Forty is the new thirty or at least that is what people told me last year. Screw that I crap, or so I thought to myself. If I am going to claim to be younger than I am I might as well pick a different age. Thirty was fine, but physically I was in better condition at 18.
Years of competitive swimming had made me into a lean, mean fighting machine. But then I thought about it for a moment longer and realized that while I was in great shape at 18, I felt even better/stronger at 25 and so I decided that was what I wanted to be.
The whole thing was rather ridiculous. I was 40, not 19, 25, 17 or 34. I was 40 and nothing was going to change that. There weren't any magic tricks or time machines that were going to transform me so I might as well accept being 40.
But frankly 40 sucked. In far too many ways it was the worst year of my life. A year of drudgery, frustration anger and aggravation. I have a graphic imagination and when I think of 40 I picture getting beat over the head with a baseball bat...repeatedly
Those who know me best are aware that I beating me over the head isn't an effective way to get me to change. My head is the hardest part of my body. Hit me and I don't cringe, I get really angry. One of the classic examples comes from when I was five-years-old. I got in trouble for something and was sent to my room.

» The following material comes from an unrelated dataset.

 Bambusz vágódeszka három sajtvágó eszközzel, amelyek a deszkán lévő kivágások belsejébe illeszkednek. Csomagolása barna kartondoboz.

Apparently I left my room a few minutes later and told my father that I wanted to fight him, the rationale being that if I won I wouldn't be in trouble anymore. So if you ask if I ever fight windmills the answer is yes, I sometimes do.

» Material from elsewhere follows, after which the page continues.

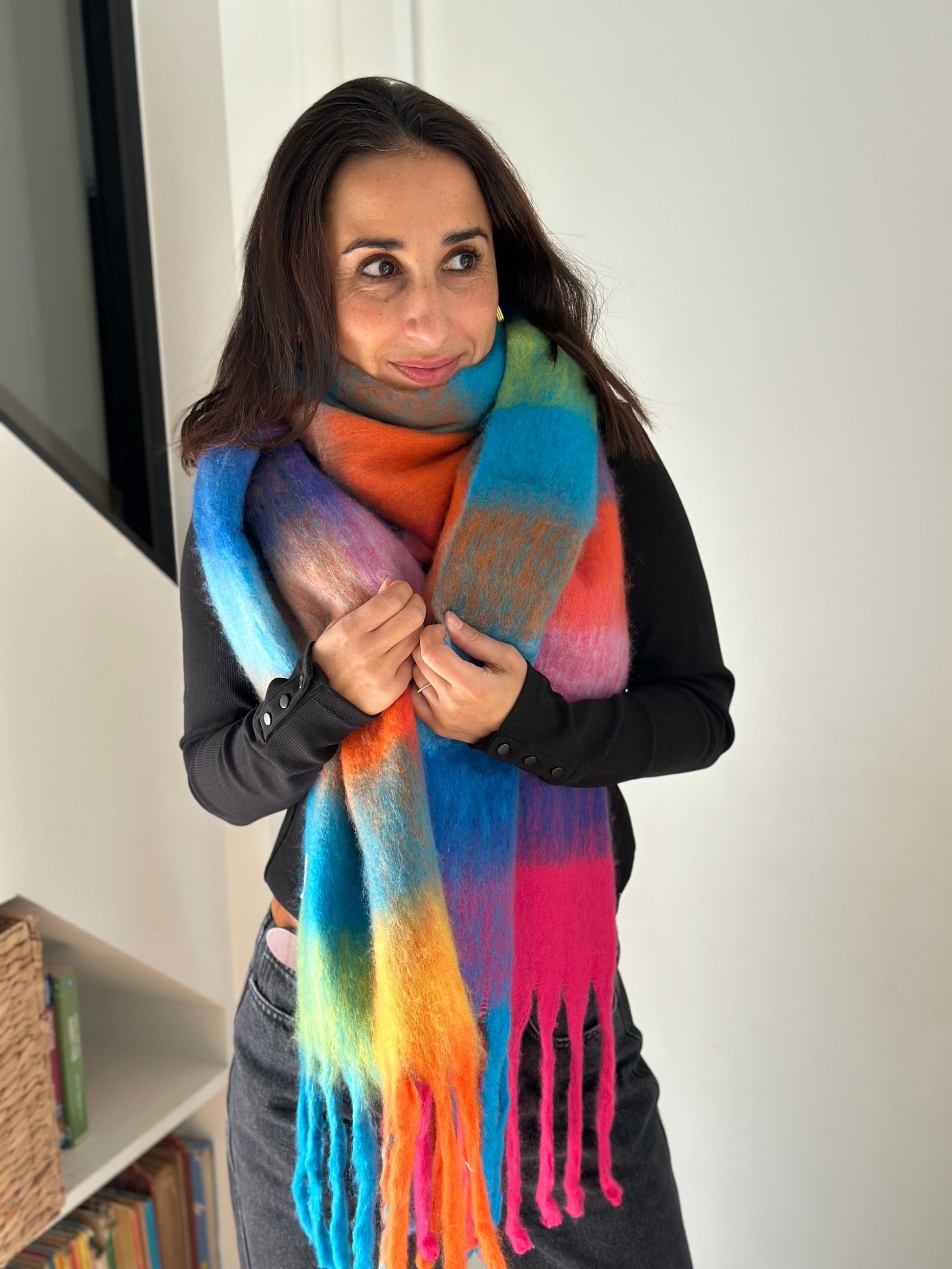 L'écharpe Héléna multicolore qui vient apporter du peps à votre tenue. On l'adore aussi pour sa douceur.

Forty-one has been a much better year than forty. I haven't made peace with all of the demons or overcome all of the challenges that were thrown at me last year, but I have come a long way and can see that I will finish this year having come even farther.

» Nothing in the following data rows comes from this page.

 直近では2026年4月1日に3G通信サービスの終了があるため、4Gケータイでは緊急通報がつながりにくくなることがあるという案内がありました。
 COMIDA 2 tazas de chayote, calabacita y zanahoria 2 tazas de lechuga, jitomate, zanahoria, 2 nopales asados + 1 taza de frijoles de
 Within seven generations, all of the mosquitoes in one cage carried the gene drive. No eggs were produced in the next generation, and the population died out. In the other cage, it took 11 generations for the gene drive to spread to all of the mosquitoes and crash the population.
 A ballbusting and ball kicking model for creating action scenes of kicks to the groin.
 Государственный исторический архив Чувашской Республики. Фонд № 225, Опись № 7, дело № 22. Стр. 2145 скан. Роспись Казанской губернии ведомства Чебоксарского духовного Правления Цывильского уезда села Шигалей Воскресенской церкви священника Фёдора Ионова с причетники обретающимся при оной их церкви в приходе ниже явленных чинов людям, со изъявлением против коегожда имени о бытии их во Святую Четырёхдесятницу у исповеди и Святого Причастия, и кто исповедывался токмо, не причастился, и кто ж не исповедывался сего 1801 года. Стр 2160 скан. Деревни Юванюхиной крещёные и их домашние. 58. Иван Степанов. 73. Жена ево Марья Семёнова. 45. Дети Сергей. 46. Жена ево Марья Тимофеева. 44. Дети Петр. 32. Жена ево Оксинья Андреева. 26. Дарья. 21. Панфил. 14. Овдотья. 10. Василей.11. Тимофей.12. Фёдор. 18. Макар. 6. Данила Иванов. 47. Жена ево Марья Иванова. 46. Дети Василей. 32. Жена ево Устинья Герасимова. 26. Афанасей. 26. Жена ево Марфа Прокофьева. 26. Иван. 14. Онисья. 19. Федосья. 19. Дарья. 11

I played basketball three straight nights this week. Three nights of running up and down a court, taking a pounding inside and fighting to grab as many rebounds as possible. So when I woke up this morning at the ungodly hour of 4:50 am (conference call with clients back east) I was tired. My body ached and I felt a bit like someone had used that bat all over my body and not just upon my head.
And now a few short hours later I have noticed a change. My body hurts, but not like it did. It feels like I worked out...because I did. I arranged my schedule so that the past three days I made it to the gym early in the day and then played ball later on.
Seated here in front of the computer I haven't taken a sip of my coffee, yet I notice a change. The body is starting to respond to the challenges I have undertaken. I am a long way off from where I want to be, but progress has clearly been made. I am ecstatic.
Look, if I really had the ability to turn back the clock I would probably do it. Especially if I could go back to those times with the knowledge and wisdom I have today. But I am ok with not being able to do it. I remember being 18 but I don't really remember everything.
There really aren't too many things that I would change. I think what I miss most is the metabolism. I was a one man wrecking crew who could eat one billion calories without fear of gaining an ounce. And I suppose that it is fair to say that back then three consecutive days of ball didn't leave my legs feeling as tired as they are today.
But that is ok with me. This is just one more challenge to be faced and overcome. I'll adapt and adjust to this because that is what I do. And might I add, damn it feels good to feel the body come back however slowly. Life is pretty good.